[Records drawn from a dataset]
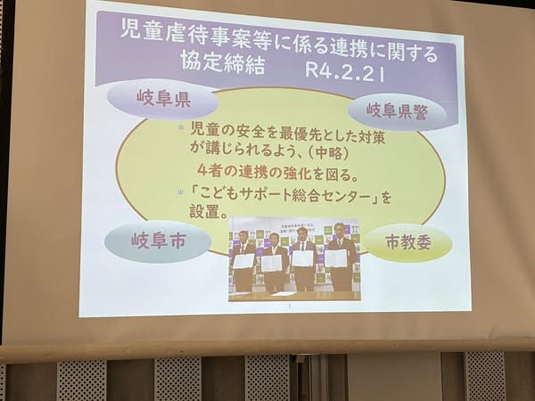 その後、子ども・若者総合支援センター「エールぎふ」の取り組みを伺いました。エールは、県、県警、市、市教育委員会と連携し、発達面の課題、児童虐待相談、教育相談など20歳まで切れ目のない支援を継続できるように環境を整えた取り組みです。医師、心理職、教員、社会福祉分野に精通した人材が同建物内で連携されており、相談を受ける側にとっては安心できる体制にしたいとの強い思いを感じました。
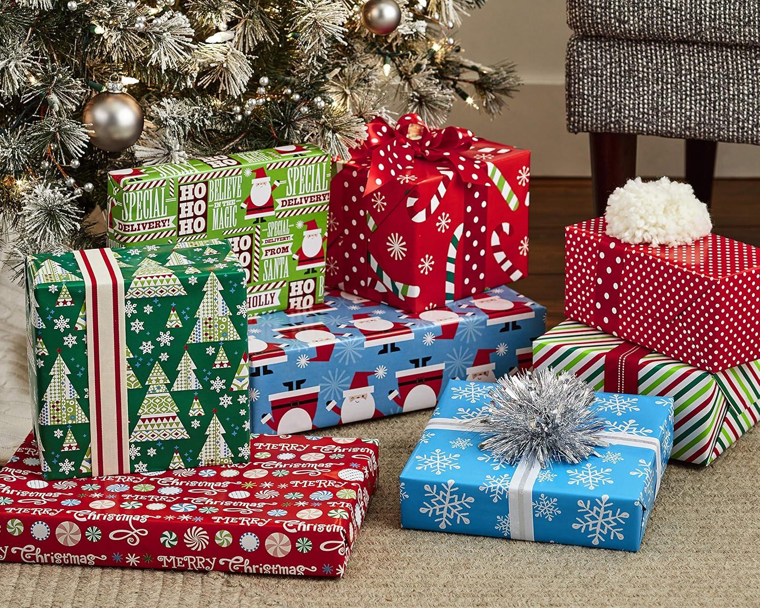 - Our holiday sale features the best deals on Hallmark Kraft Christmas Wrapping Paper for Kids with Cut Lines on Reverse (4 Rolls: 88 sq. ft. ttl) Penguins, Santa, Snowmen, Polka Dots(Red Trucks Snowflakes Red Stripes Merry Christmas) and accessories. Shop now and save!
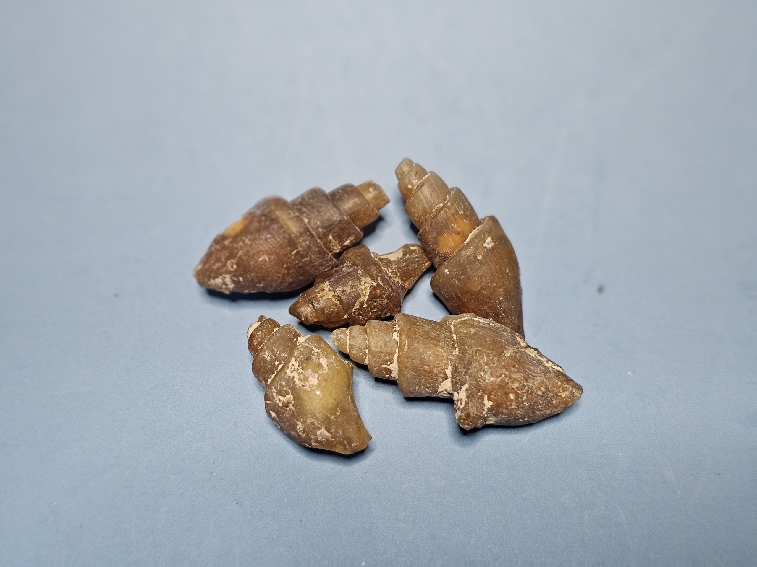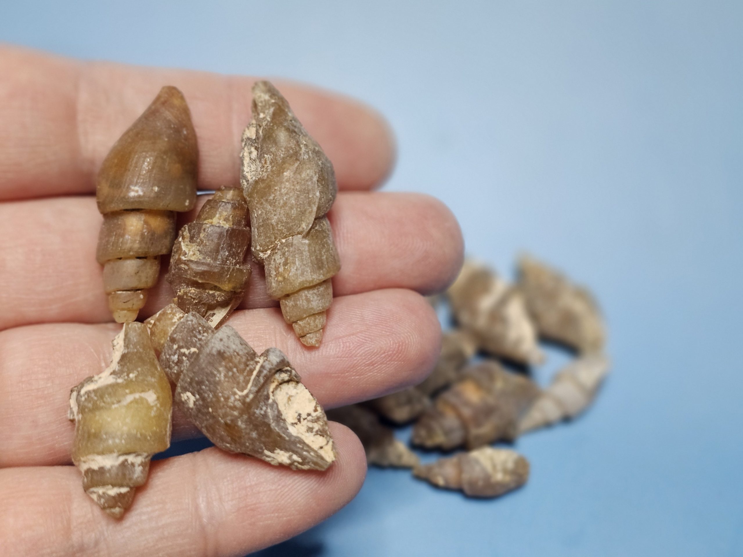 Diese Fossilien stammen von Turritellen, Meeresschnecken, die vor mehreren Millionen Jahren in der späten Jurazeit lebten. Ihre Fossilien zeigen die typischen, langen, spiralförmigen Schneckenhäuser aus vielen feinen Windungen. Turritellen leben im Sand oder Schlamm auf dem Meeresboden und ernähren sich von kleinen Partikeln im Wasser. Spannend: die Fossilien zeigen, das sich diese Tiere über Millionen Jahre kaum verändert haben. Sie sehen also heute noch genauso aus wie früher zu Zeiten der Dinosaurier. Jedes Fossil ist einzigartig in Form, Farbe und Größe.
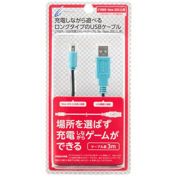 【在庫限り】 CYBER・USB充電ストレートケーブル3m ブラック×ブルー [New2DS LL] [CY-N2DLSTC3-BB]
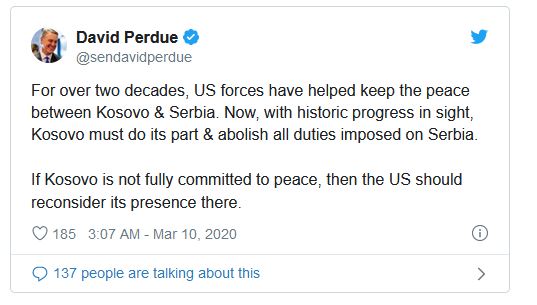Perdue: SHBA-ja duhet të rishqyrtojë praninë e saj në Kosovë nëse nuk hiqet tarifa
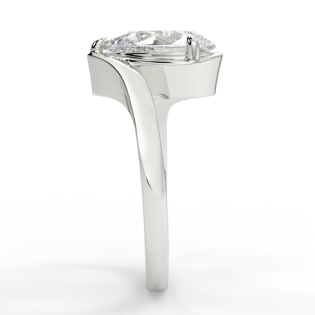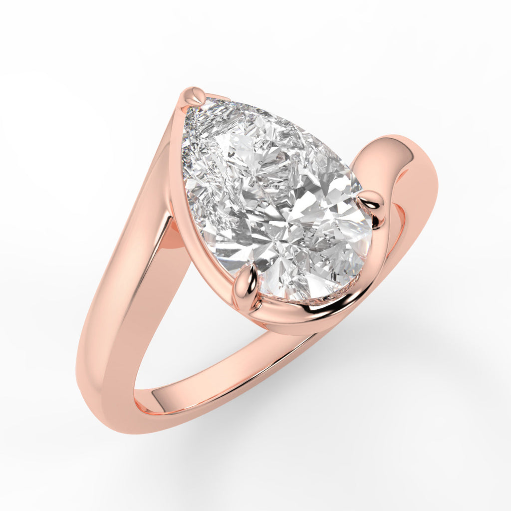 • Vertical pear-shaped lab-created diamond with a swivel band

» Directions for this task: Out of the records above, please copy exactly the lines from the line with "Diese Fossilien stammen" up to and including the line with "Perdue: SHBA-ja duhet", minus the pictures.

» Solution for this problem:
 Diese Fossilien stammen von Turritellen, Meeresschnecken, die vor mehreren Millionen Jahren in der späten Jurazeit lebten. Ihre Fossilien zeigen die typischen, langen, spiralförmigen Schneckenhäuser aus vielen feinen Windungen. Turritellen leben im Sand oder Schlamm auf dem Meeresboden und ernähren sich von kleinen Partikeln im Wasser. Spannend: die Fossilien zeigen, das sich diese Tiere über Millionen Jahre kaum verändert haben. Sie sehen also heute noch genauso aus wie früher zu Zeiten der Dinosaurier. Jedes Fossil ist einzigartig in Form, Farbe und Größe.
 【在庫限り】 CYBER・USB充電ストレートケーブル3m ブラック×ブルー [New2DS LL] [CY-N2DLSTC3-BB]
Perdue: SHBA-ja duhet të rishqyrtojë praninë e saj në Kosovë nëse nuk hiqet tarifa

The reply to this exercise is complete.